• Entries supplied
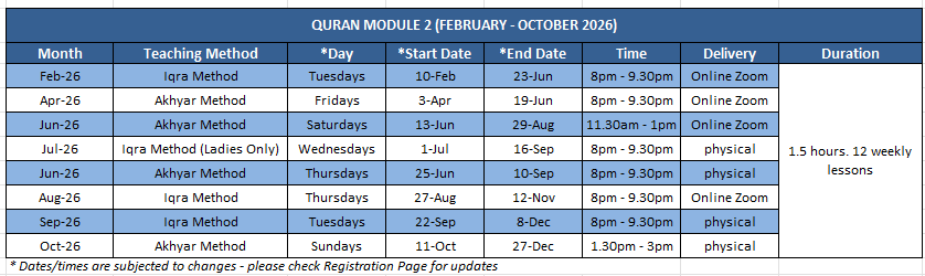This is a follow up course from Quran Reading 1, after recognizing the 28 Quranic alphabets. Having two different methods, Iqra' and Akhyaar methods, this course hopes to instil Quranic fluency to recite short verses of the Quran leading to reciting short Surah from the Juz ‘Amma.
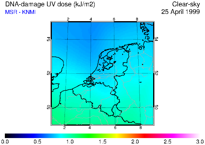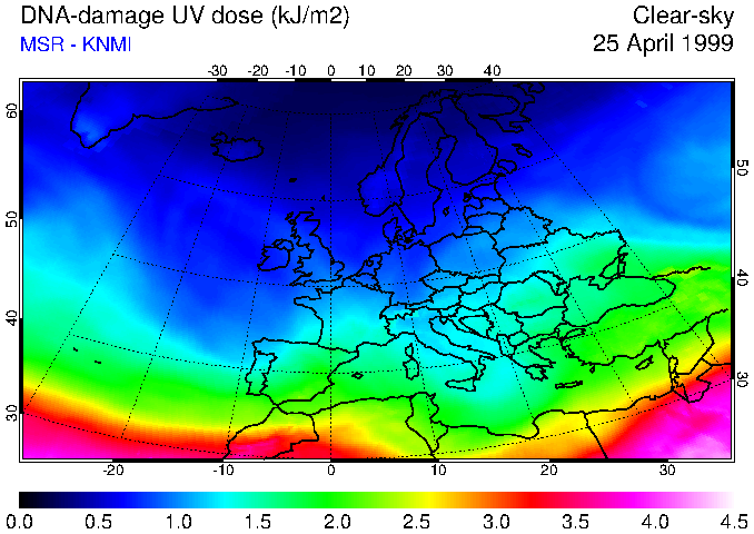 DNA-damage UV dose of 25 April 1999
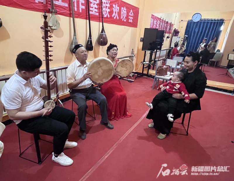 棗然木和女兒、女婿都是哈密木卡姆項(xiàng)目代表性傳承人,她的老伴賽買提·艾力木是納格拉鼓哈密市級代表性傳承人。像這樣一家有好幾位非遺傳承人的家庭,在回城鄉(xiāng)并不是個(gè)例。
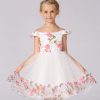فستان أطفال دائرى به ورد من أعلى وأسفل بكرنيش من أسفل
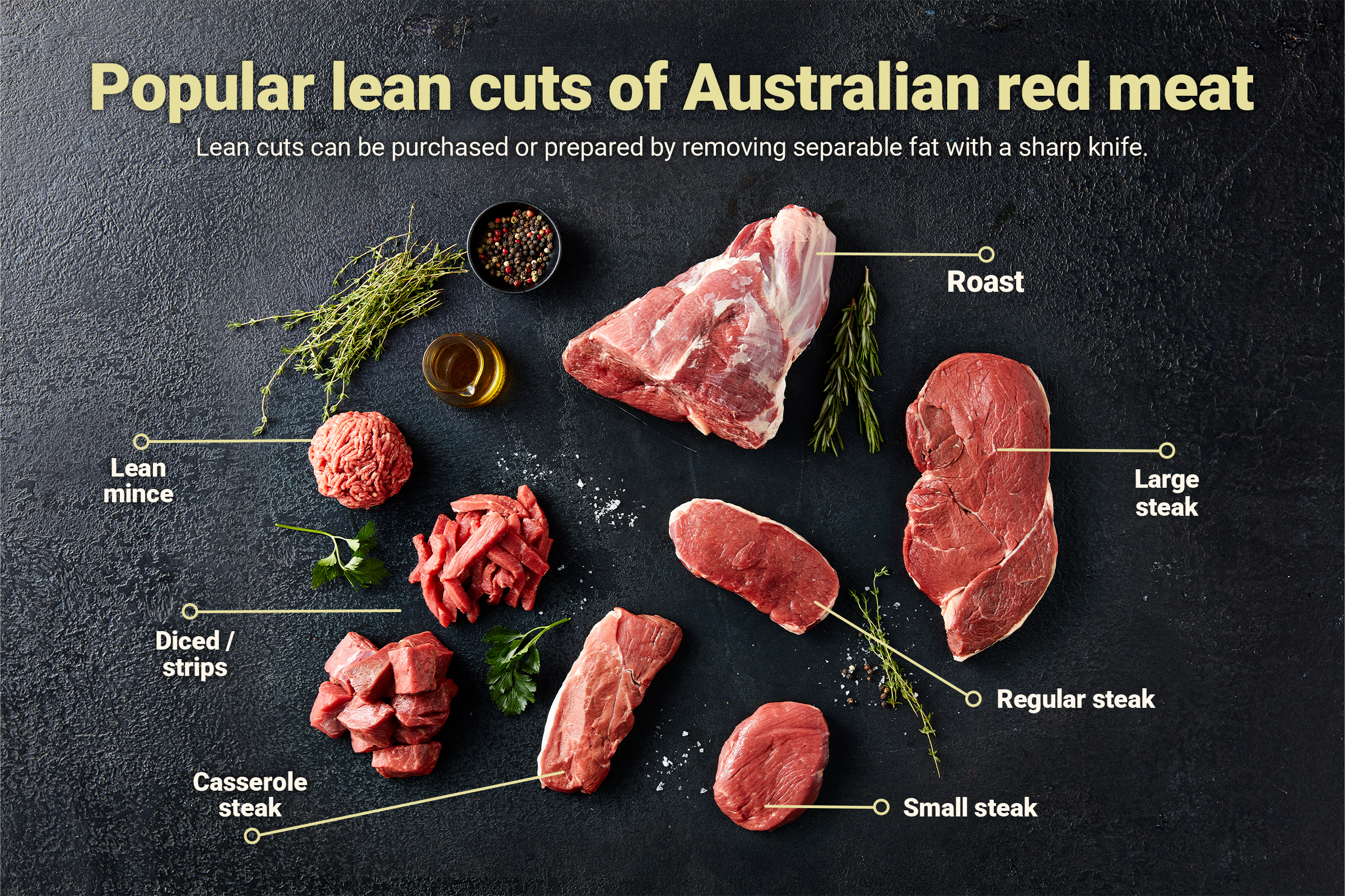 • Lean, unprocessed cuts of red meat are recommended in the Australian Dietary Guidelines, including lean mince, all cuts of Australian beef, veal, lamb, mutton and goat meat trimmed of separable fat and lean, low sodium sausages. Cuts include steak, casserole cuts, roasts, chops, diced and strips [1].

• Your instructions
Would you copy all the material exactly, dropping the pictures?

• Exercise output
This is a follow up course from Quran Reading 1, after recognizing the 28 Quranic alphabets. Having two different methods, Iqra' and Akhyaar methods, this course hopes to instil Quranic fluency to recite short verses of the Quran leading to reciting short Surah from the Juz ‘Amma.
 DNA-damage UV dose of 25 April 1999
 棗然木和女兒、女婿都是哈密木卡姆項(xiàng)目代表性傳承人,她的老伴賽買提·艾力木是納格拉鼓哈密市級代表性傳承人。像這樣一家有好幾位非遺傳承人的家庭,在回城鄉(xiāng)并不是個(gè)例。
فستان أطفال دائرى به ورد من أعلى وأسفل بكرنيش من أسفل
 • Lean, unprocessed cuts of red meat are recommended in the Australian Dietary Guidelines, including lean mince, all cuts of Australian beef, veal, lamb, mutton and goat meat trimmed of separable fat and lean, low sodium sausages. Cuts include steak, casserole cuts, roasts, chops, diced and strips [1].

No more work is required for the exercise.